The Numbers That Should Make Every L2 User Uncomfortable
I’ve been pulling sequencer revenue data across all major L2s and the numbers are staggering. Base generated $75.4 million in sequencer revenue through 2025, making it the #1 revenue-generating L2 by a wide margin. And every single dollar of that revenue flowed through one entity: Coinbase, the sole sequencer operator for Base.
Let that sink in. The largest L2 on Ethereum by TVL and transaction volume runs on a single company’s infrastructure, with zero redundancy, zero competitive sequencing, and zero community oversight of transaction ordering.
The $321-to-$1 Ratio That Explains Everything
Here’s the number that should frame this entire discussion. Analysis from Unchained and Arkham shows that L2s keep approximately $321 for every $1 they pay to Ethereum for data availability. That’s not a typo. The rollup profit margin on sequencing is somewhere north of 99.7%.
For Coinbase specifically, their total revenue hit roughly $7.5 billion in fiscal year 2025 with 35-40% EBITDA margins. Base’s $75.4M in sequencer revenue is essentially pure margin — there’s minimal operational cost beyond running the sequencer node itself. It’s the highest-margin business line Coinbase has ever created.
Now ask yourself: if you were Coinbase’s CFO, would you voluntarily decentralize that?
The Decentralization Theater
Every major L2 has “decentralized sequencer” somewhere on their roadmap:
- Base hit Stage 1 decentralization in April 2025 with permissionless fault proofs — but Stage 1 means nothing for sequencer decentralization. Coinbase still orders every transaction.
- Optimism talks about a “Superchain sequencer” with shared ordering, but there’s no concrete launch date.
- Arbitrum is shipping BoLD 2 for decentralized validation in Q2 2026 — but validation ≠ sequencing. The sequencer remains centralized.
- zkSync “promises” decentralized sequencing in 2026. Starknet’s full decentralization is “slated” for this year.
Notice a pattern? Validation gets decentralized (eventually). Sequencing never does. Because validation doesn’t threaten the revenue model. Sequencing is the revenue model.
Vitalik himself noted the slow pace of decentralization across L2s. But noting it and enforcing it are two very different things. As long as L2s are free to extract monopoly rents from sequencing, the economic incentive to keep that monopoly is overwhelming.
What Centralized Sequencing Actually Costs Users
This isn’t just a philosophical concern.
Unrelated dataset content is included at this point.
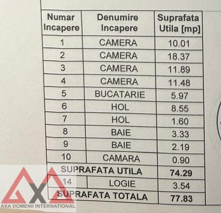 Compartimentarea este semidecomandata, avand o suprafata totala de 77,83 mp, doua grupuri sanitare (baia mare cu geam) si spatii de depozitare (vezi schita atasata).

Centralized sequencing means:
- Censorship risk: A single sequencer can delay, reorder, or exclude your transactions. Base has Coinbase’s compliance obligations — what happens when OFAC sanctions an address that has open DeFi positions on Base?
- MEV extraction: The sequencer sees every pending transaction before it’s ordered. Even if Coinbase claims they don’t extract MEV, there’s no way to verify this without decentralized ordering.
- Single point of failure: When Base’s sequencer went down in February 2025, the entire chain halted. No block production. No finality. One server, one chain.
- No credible neutrality: Coinbase operates a CEX, a custodian, a staking service, and now the dominant L2. The conflicts of interest are staggering.
The Based Rollup Alternative
The only architecturally honest solution I’ve seen is based rollups, where Ethereum L1 validators themselves sequence L2 transactions. This inherits Ethereum’s full decentralization — ~950,000 validators ordering your L2 transactions instead of one company.
The trade-off is real: based rollups have ~12 second latency tied to L1 block times, compared to 200ms-2s for dedicated sequencers. But Flashbots is already tackling this with Flashblocks, achieving 200ms block confirmations on Base and Unichain by streaming pre-confirmations within the sequencer’s slot.
The question isn’t technical feasibility. It’s whether any L2 will voluntarily sacrifice a 99.7% margin business to give users what they were promised.
My Take
I’ve traded through every market structure you can imagine — from NYSE specialist desks to dark pools to crypto CEXs. And I’ll tell you this: a market where one entity controls transaction ordering, has perfect information on pending order flow, and faces zero competitive pressure is not a market. It’s a monopoly extraction machine.
The L2 ecosystem has roughly 18-24 months before the “we’re working on it” excuse expires completely. If sequencer decentralization hasn’t shipped by end of 2027, we’ll know the answer: the L2s never intended to decentralize the part that makes money.
Base is a great product. Coinbase is a legitimate company. But $75.4 million in monopoly sequencer revenue and a $321-to-$1 profit ratio isn’t a “staged rollout.” It’s a business model that depends on centralization.
What’s your read? Is staged decentralization a legitimate engineering approach, or is it just buying time to extract as much sequencer revenue as possible before the community forces the issue?